-- DATA LISTING follows --
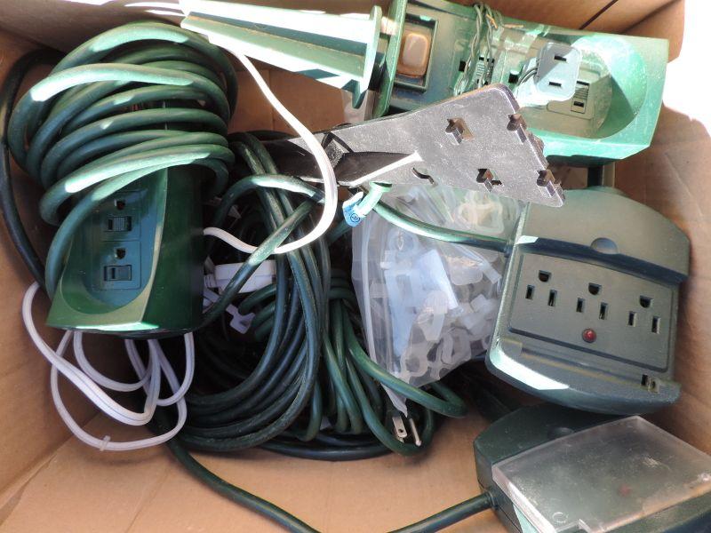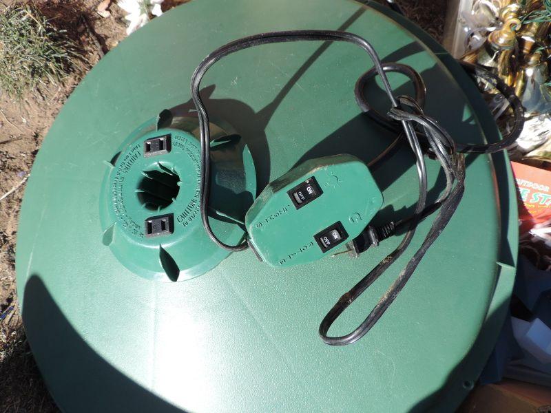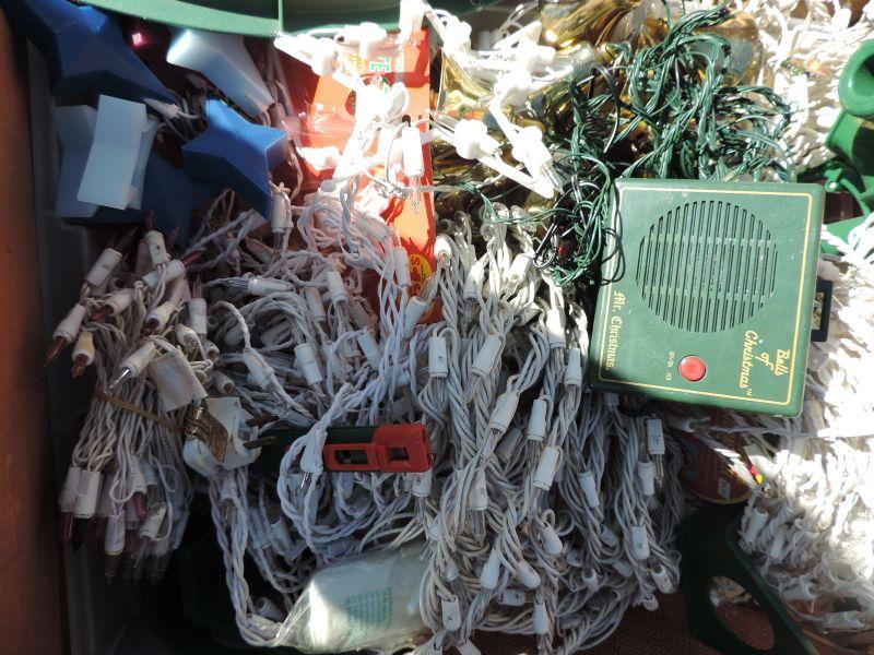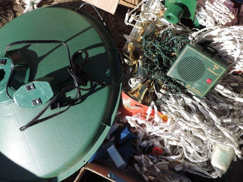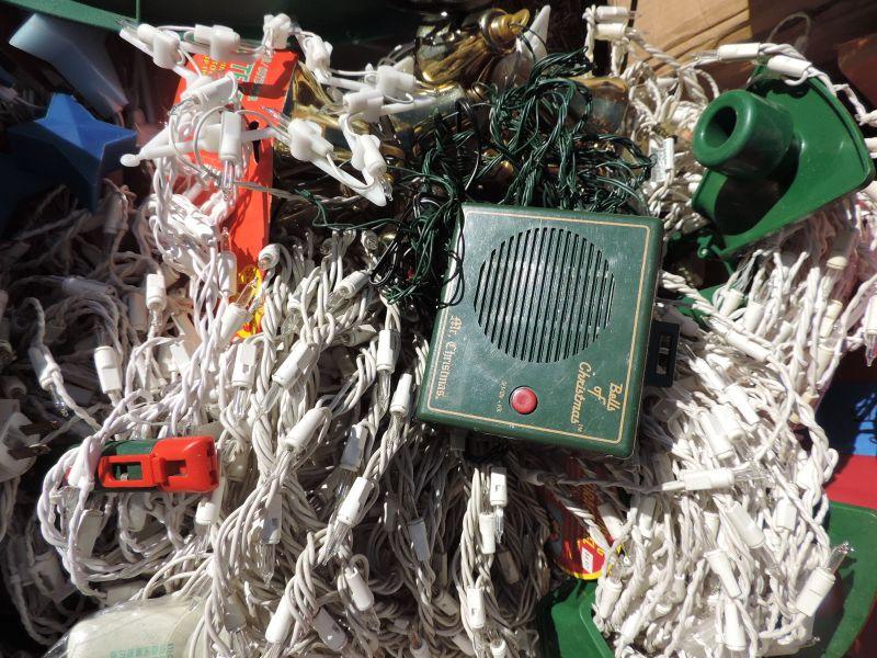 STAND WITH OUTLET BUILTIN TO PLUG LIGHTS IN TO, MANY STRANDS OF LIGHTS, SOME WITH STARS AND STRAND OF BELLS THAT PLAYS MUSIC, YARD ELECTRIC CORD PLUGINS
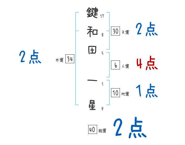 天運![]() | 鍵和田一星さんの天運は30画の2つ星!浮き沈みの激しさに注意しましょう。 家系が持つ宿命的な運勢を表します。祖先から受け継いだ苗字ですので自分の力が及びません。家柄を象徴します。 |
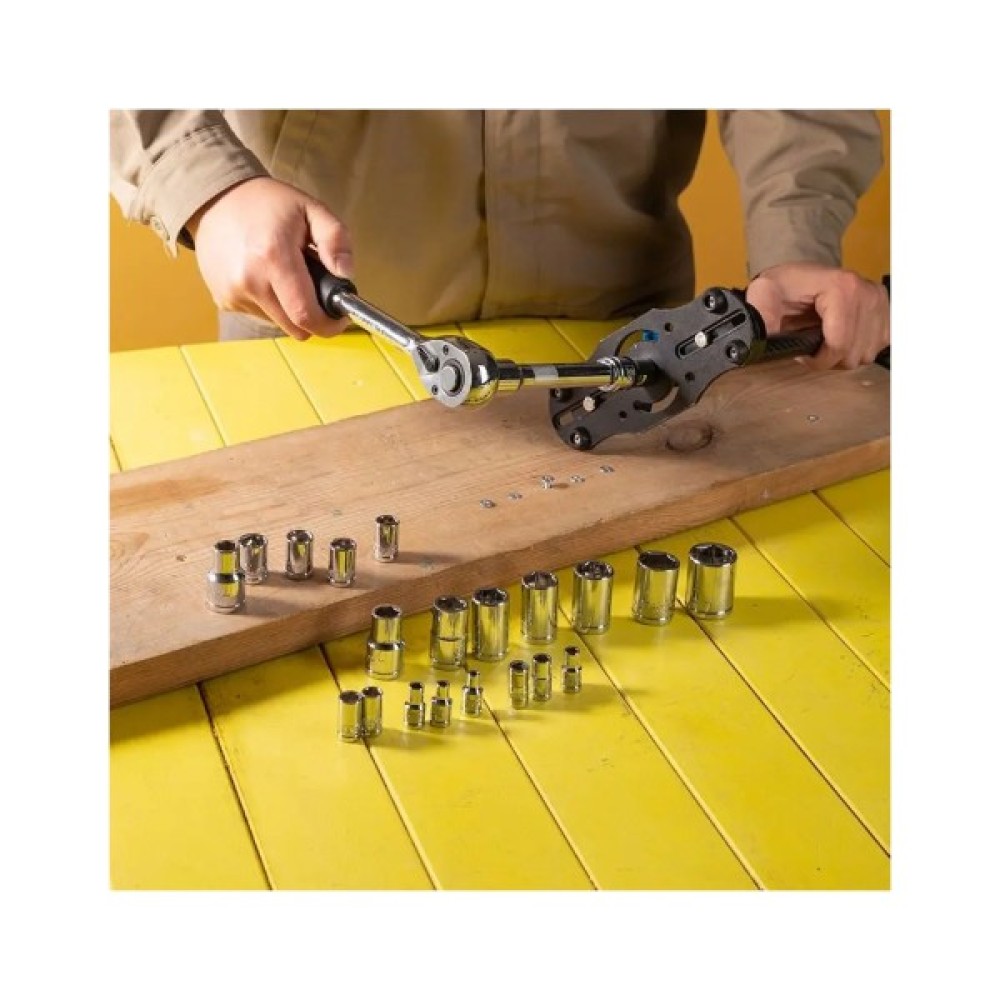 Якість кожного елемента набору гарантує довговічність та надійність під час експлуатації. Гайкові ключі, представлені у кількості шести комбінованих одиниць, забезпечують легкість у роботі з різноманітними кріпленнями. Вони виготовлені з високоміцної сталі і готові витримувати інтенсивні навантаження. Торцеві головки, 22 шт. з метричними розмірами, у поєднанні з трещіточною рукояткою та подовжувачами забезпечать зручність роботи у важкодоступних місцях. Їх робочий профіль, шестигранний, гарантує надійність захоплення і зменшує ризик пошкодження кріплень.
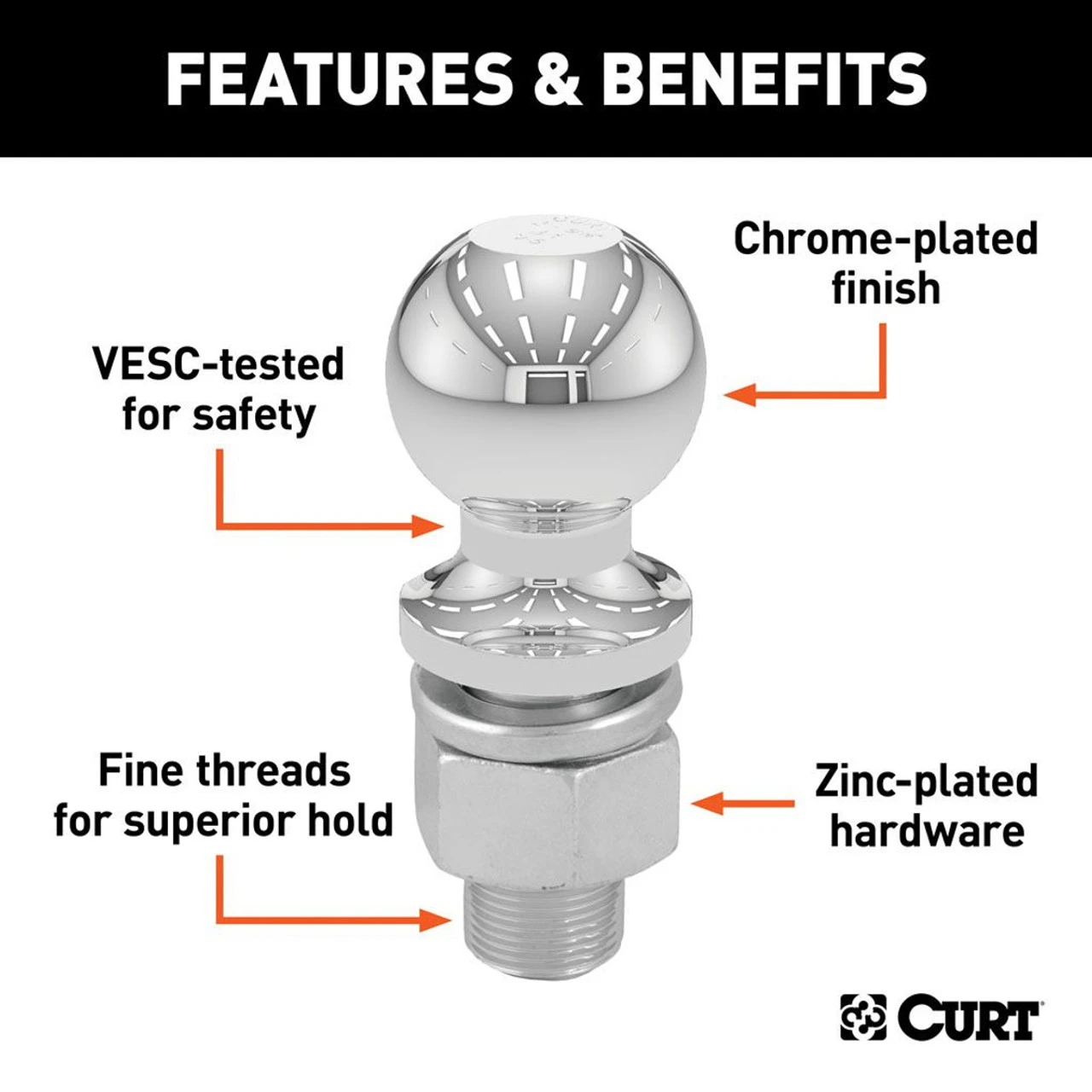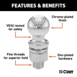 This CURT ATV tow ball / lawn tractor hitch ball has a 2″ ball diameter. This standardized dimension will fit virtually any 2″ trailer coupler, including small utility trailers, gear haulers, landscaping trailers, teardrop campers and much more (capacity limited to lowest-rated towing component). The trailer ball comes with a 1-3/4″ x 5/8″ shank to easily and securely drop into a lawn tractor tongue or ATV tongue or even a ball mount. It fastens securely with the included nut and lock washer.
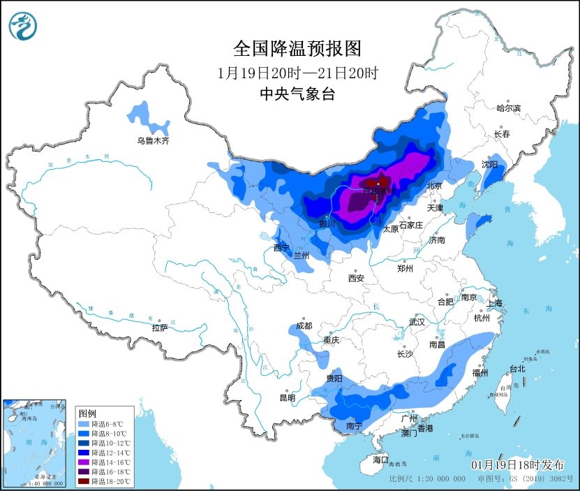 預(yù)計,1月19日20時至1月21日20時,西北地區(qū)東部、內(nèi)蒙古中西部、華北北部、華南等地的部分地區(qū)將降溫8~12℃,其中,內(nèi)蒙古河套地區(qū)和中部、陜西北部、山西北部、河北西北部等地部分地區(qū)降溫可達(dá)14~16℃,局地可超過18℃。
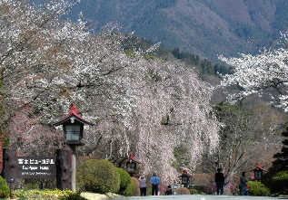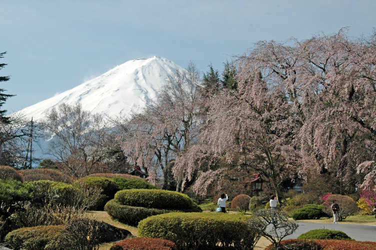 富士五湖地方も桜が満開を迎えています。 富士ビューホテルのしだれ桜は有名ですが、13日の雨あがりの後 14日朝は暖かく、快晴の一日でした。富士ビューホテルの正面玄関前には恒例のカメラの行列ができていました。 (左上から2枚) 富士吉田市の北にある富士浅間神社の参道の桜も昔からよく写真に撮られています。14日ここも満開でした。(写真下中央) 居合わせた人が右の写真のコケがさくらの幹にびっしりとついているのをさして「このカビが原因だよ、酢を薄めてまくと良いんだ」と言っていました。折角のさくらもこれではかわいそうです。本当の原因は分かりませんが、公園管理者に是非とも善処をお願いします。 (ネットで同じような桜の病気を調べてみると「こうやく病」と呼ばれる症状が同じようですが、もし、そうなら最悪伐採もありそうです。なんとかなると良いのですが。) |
-- DATA LISTING concluded --
[WHAT YOU SHOULD DO] An exact copy is needed of the lines running from the one with "預(yù)計,1月19日20" through the end of the data above, and of those lines only, without pictures.

[RESULT OF THIS TASK]
 預(yù)計,1月19日20時至1月21日20時,西北地區(qū)東部、內(nèi)蒙古中西部、華北北部、華南等地的部分地區(qū)將降溫8~12℃,其中,內(nèi)蒙古河套地區(qū)和中部、陜西北部、山西北部、河北西北部等地部分地區(qū)降溫可達(dá)14~16℃,局地可超過18℃。
 富士五湖地方も桜が満開を迎えています。 富士ビューホテルのしだれ桜は有名ですが、13日の雨あがりの後 14日朝は暖かく、快晴の一日でした。富士ビューホテルの正面玄関前には恒例のカメラの行列ができていました。 (左上から2枚) 富士吉田市の北にある富士浅間神社の参道の桜も昔からよく写真に撮られています。14日ここも満開でした。(写真下中央) 居合わせた人が右の写真のコケがさくらの幹にびっしりとついているのをさして「このカビが原因だよ、酢を薄めてまくと良いんだ」と言っていました。折角のさくらもこれではかわいそうです。本当の原因は分かりませんが、公園管理者に是非とも善処をお願いします。 (ネットで同じような桜の病気を調べてみると「こうやく病」と呼ばれる症状が同じようですが、もし、そうなら最悪伐採もありそうです。なんとかなると良いのですが。) |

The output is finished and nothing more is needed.